Material for the task:
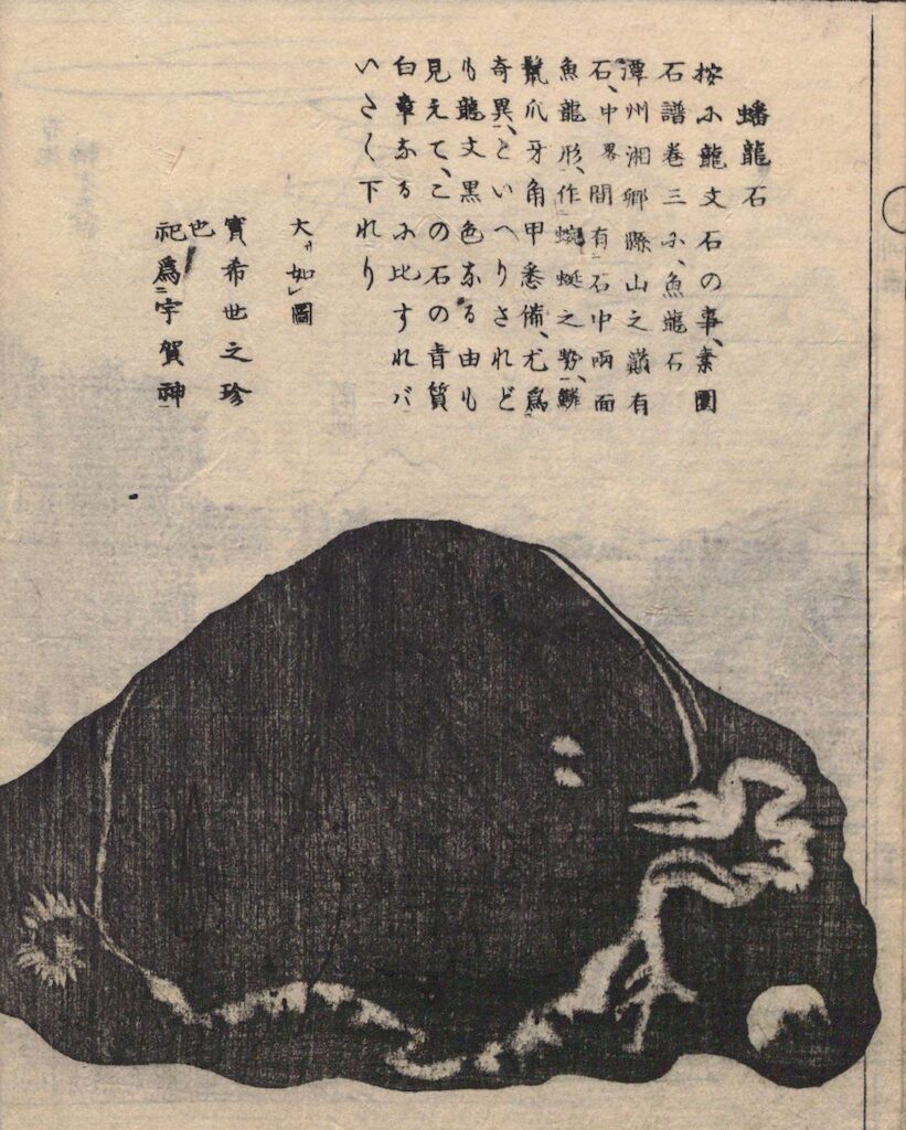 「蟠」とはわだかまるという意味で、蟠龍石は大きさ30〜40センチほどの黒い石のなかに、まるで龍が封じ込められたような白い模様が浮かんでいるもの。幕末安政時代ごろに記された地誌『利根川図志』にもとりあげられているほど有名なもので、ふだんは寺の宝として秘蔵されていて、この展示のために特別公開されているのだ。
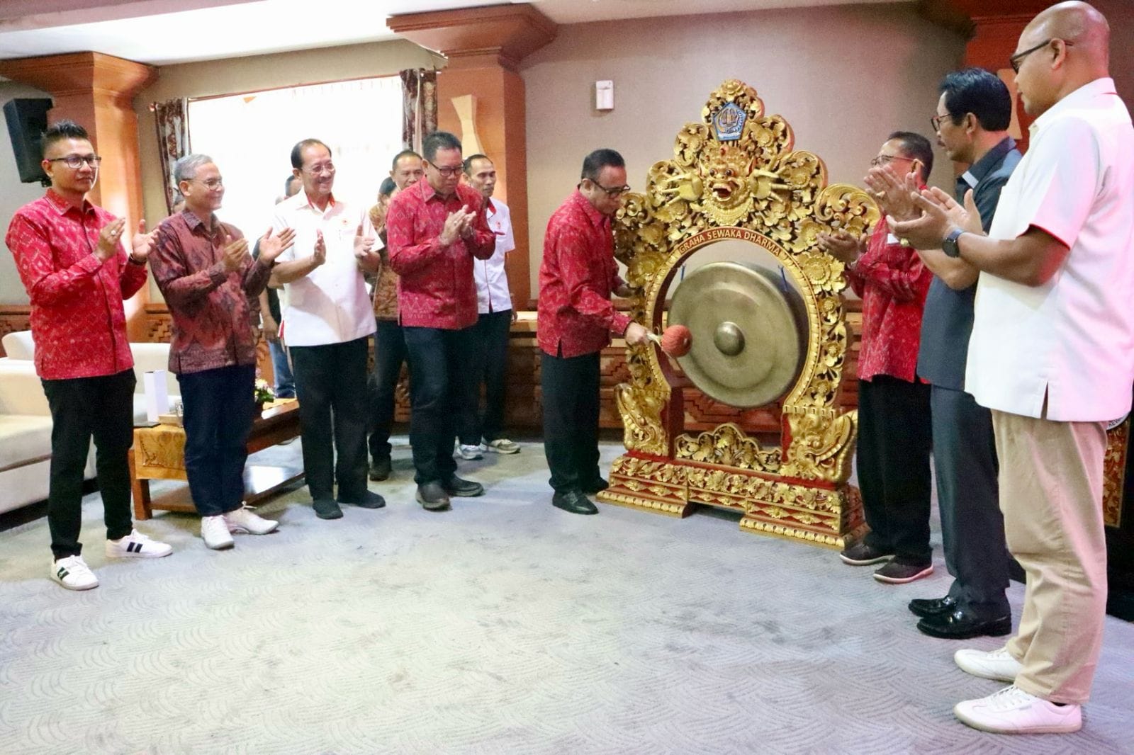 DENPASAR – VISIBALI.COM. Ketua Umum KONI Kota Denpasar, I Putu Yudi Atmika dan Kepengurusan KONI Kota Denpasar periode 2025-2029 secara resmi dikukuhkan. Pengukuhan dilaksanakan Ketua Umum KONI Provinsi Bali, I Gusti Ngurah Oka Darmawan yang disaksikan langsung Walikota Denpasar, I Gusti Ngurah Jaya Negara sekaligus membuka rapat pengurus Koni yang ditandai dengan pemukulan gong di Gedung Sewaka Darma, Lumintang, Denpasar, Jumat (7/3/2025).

---

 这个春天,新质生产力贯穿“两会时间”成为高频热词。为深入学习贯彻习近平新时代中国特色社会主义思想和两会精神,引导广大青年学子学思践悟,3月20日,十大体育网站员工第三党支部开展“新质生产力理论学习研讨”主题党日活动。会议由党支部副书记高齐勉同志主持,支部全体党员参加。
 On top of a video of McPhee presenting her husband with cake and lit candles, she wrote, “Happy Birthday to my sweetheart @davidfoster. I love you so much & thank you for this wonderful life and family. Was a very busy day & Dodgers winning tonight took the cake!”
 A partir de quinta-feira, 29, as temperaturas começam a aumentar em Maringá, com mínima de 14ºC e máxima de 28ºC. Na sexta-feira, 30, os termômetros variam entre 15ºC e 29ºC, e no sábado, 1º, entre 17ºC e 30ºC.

...

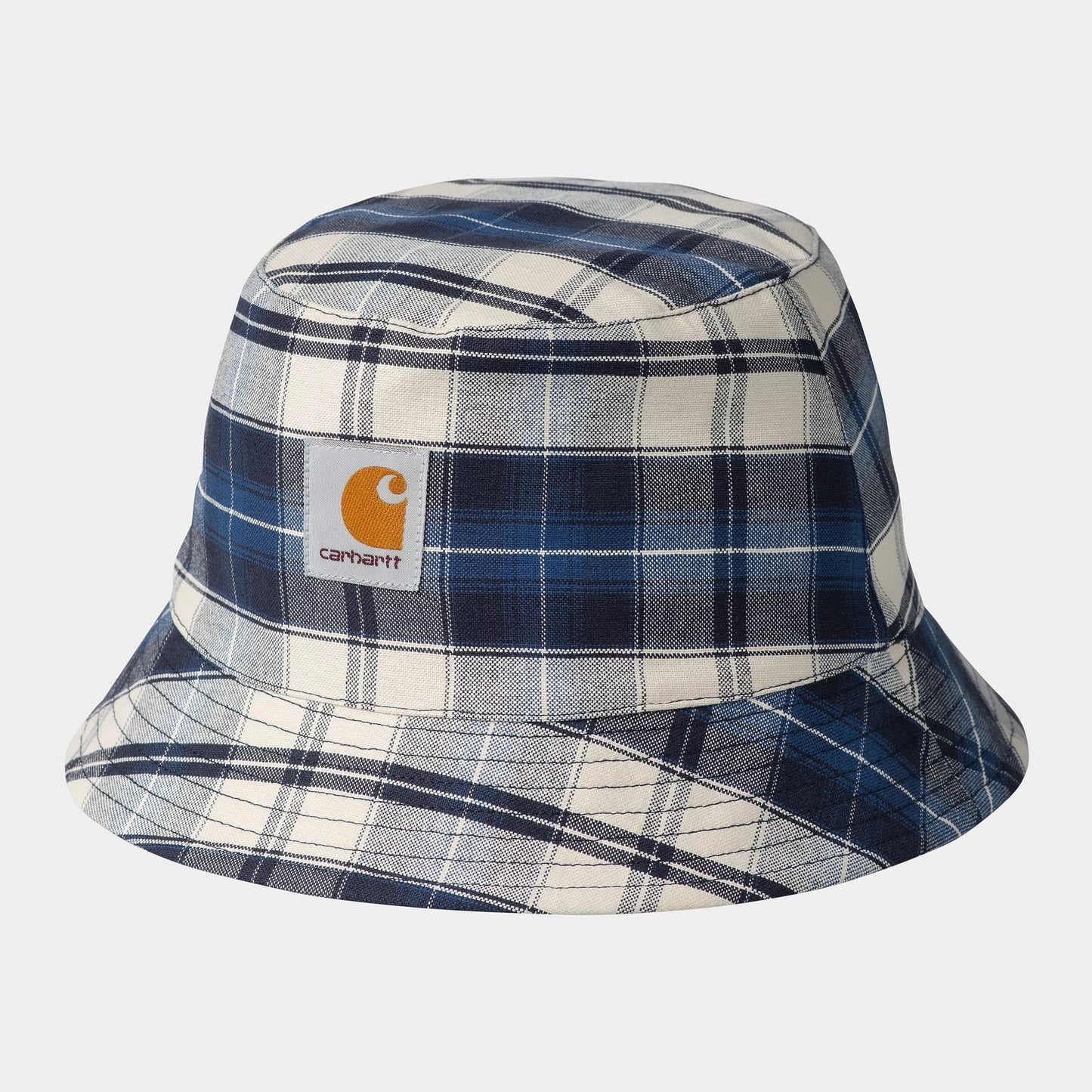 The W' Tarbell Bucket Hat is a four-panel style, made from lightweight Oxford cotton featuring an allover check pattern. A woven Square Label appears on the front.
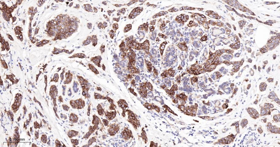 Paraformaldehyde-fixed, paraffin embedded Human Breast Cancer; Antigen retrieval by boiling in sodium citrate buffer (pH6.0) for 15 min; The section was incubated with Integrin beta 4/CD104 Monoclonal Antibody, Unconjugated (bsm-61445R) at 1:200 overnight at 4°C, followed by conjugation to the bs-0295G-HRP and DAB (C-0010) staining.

Your objective:
Scan the lines above for "On top of a" and for "A partir de". Repeat exactly the line holding each of them and every line in between.

Response to the exercise:
 On top of a video of McPhee presenting her husband with cake and lit candles, she wrote, “Happy Birthday to my sweetheart @davidfoster. I love you so much & thank you for this wonderful life and family. Was a very busy day & Dodgers winning tonight took the cake!”
 A partir de quinta-feira, 29, as temperaturas começam a aumentar em Maringá, com mínima de 14ºC e máxima de 28ºC. Na sexta-feira, 30, os termômetros variam entre 15ºC e 29ºC, e no sábado, 1º, entre 17ºC e 30ºC.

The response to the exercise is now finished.